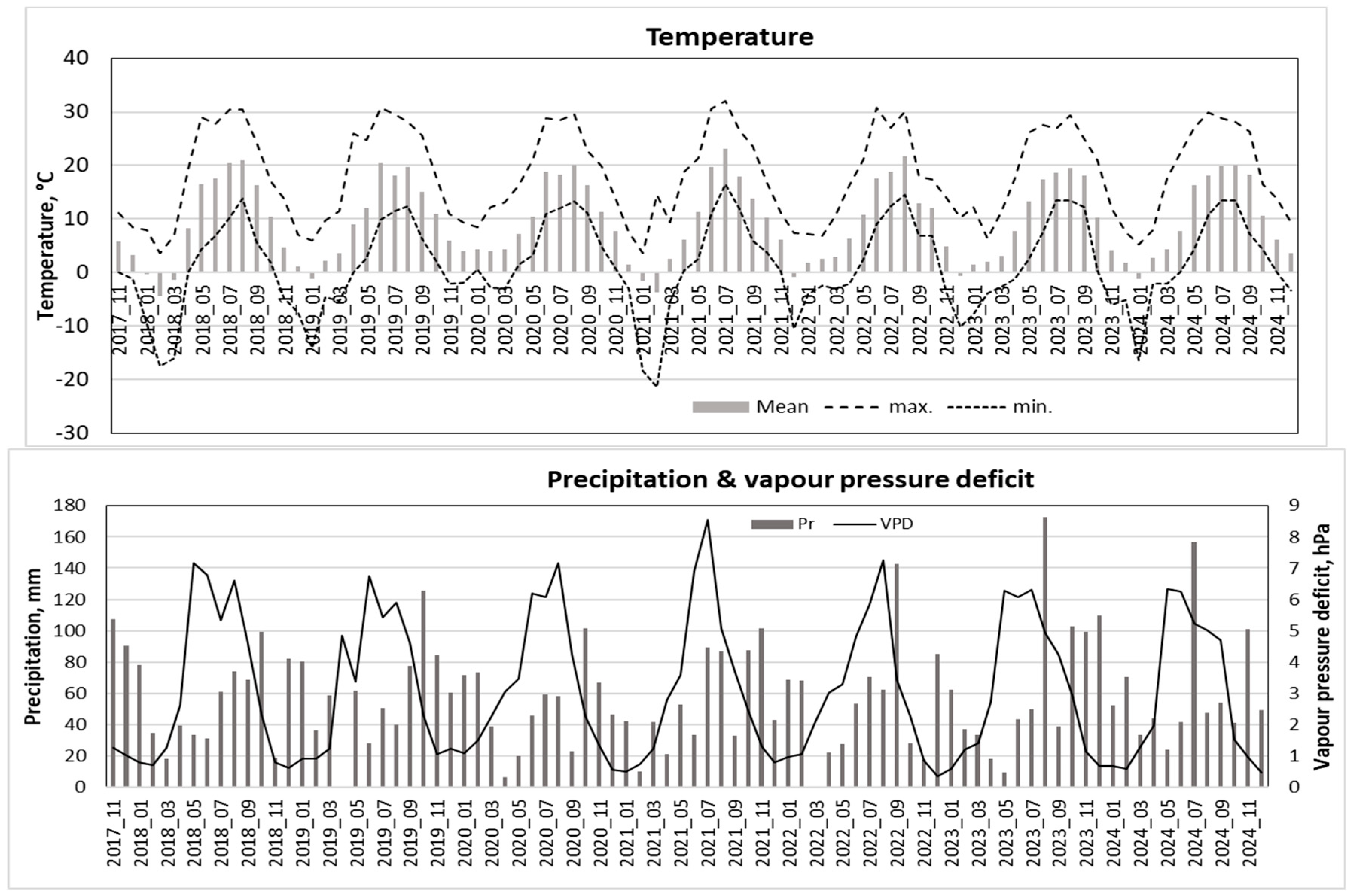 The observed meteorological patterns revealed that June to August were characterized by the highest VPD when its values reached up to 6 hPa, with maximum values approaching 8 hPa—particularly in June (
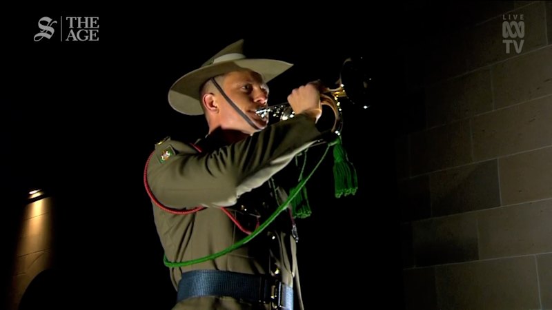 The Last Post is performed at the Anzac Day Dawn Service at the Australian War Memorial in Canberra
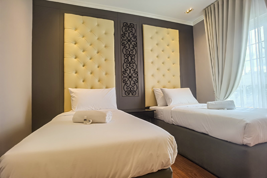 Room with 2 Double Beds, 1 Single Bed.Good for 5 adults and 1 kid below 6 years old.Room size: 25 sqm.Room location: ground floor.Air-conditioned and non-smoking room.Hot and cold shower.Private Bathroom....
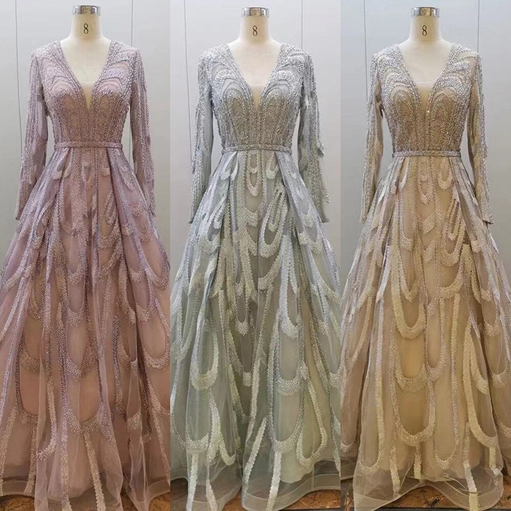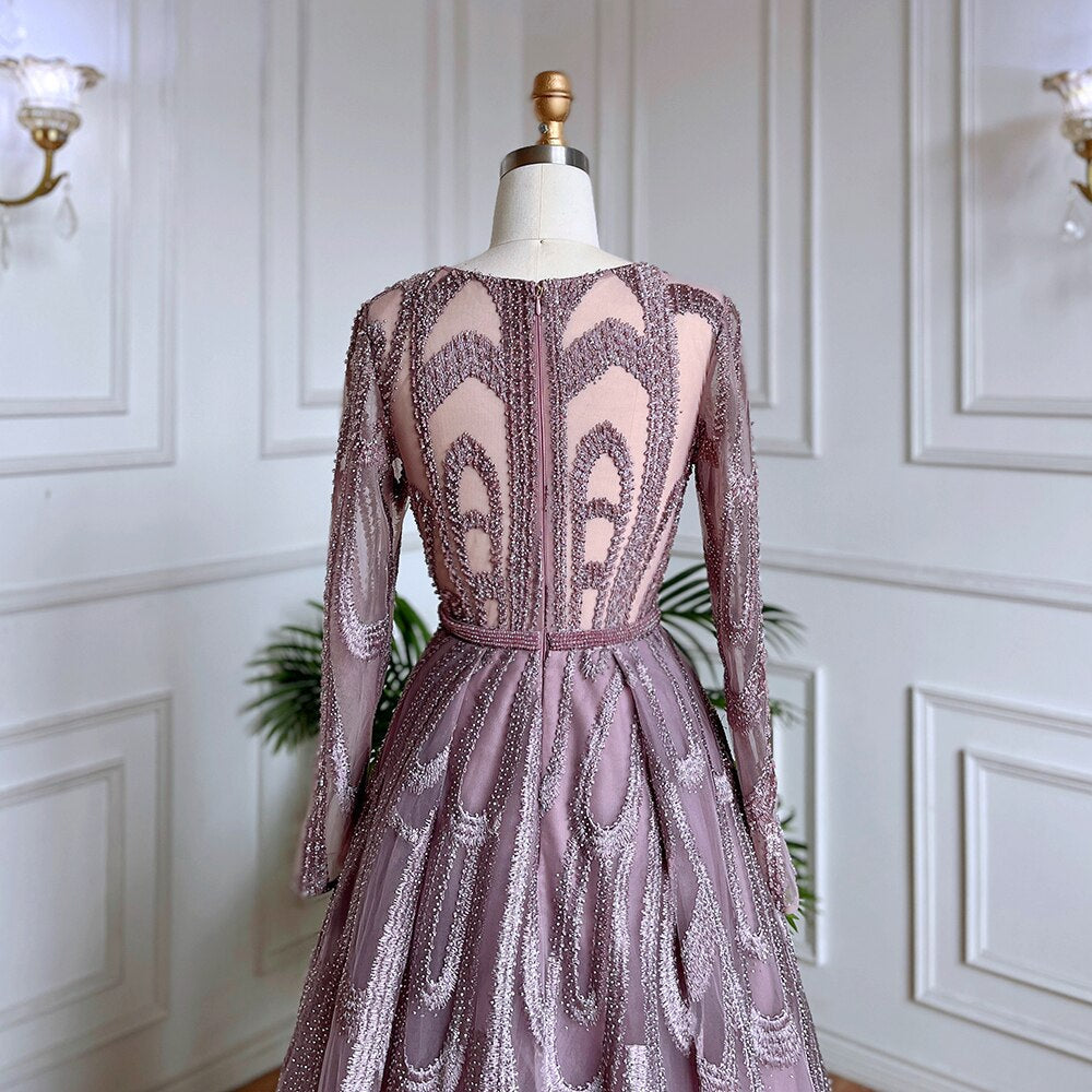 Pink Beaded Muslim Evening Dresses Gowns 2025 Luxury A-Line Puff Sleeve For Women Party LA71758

• • • •

## EXERCISE REQUIREMENTS
Copy the final stretch of lines, starting at the one that holds "Room with 2" and ending at the last line of the data, exactly; omit pictures.

## RESULT
 Room with 2 Double Beds, 1 Single Bed.Good for 5 adults and 1 kid below 6 years old.Room size: 25 sqm.Room location: ground floor.Air-conditioned and non-smoking room.Hot and cold shower.Private Bathroom....
 Pink Beaded Muslim Evening Dresses Gowns 2025 Luxury A-Line Puff Sleeve For Women Party LA71758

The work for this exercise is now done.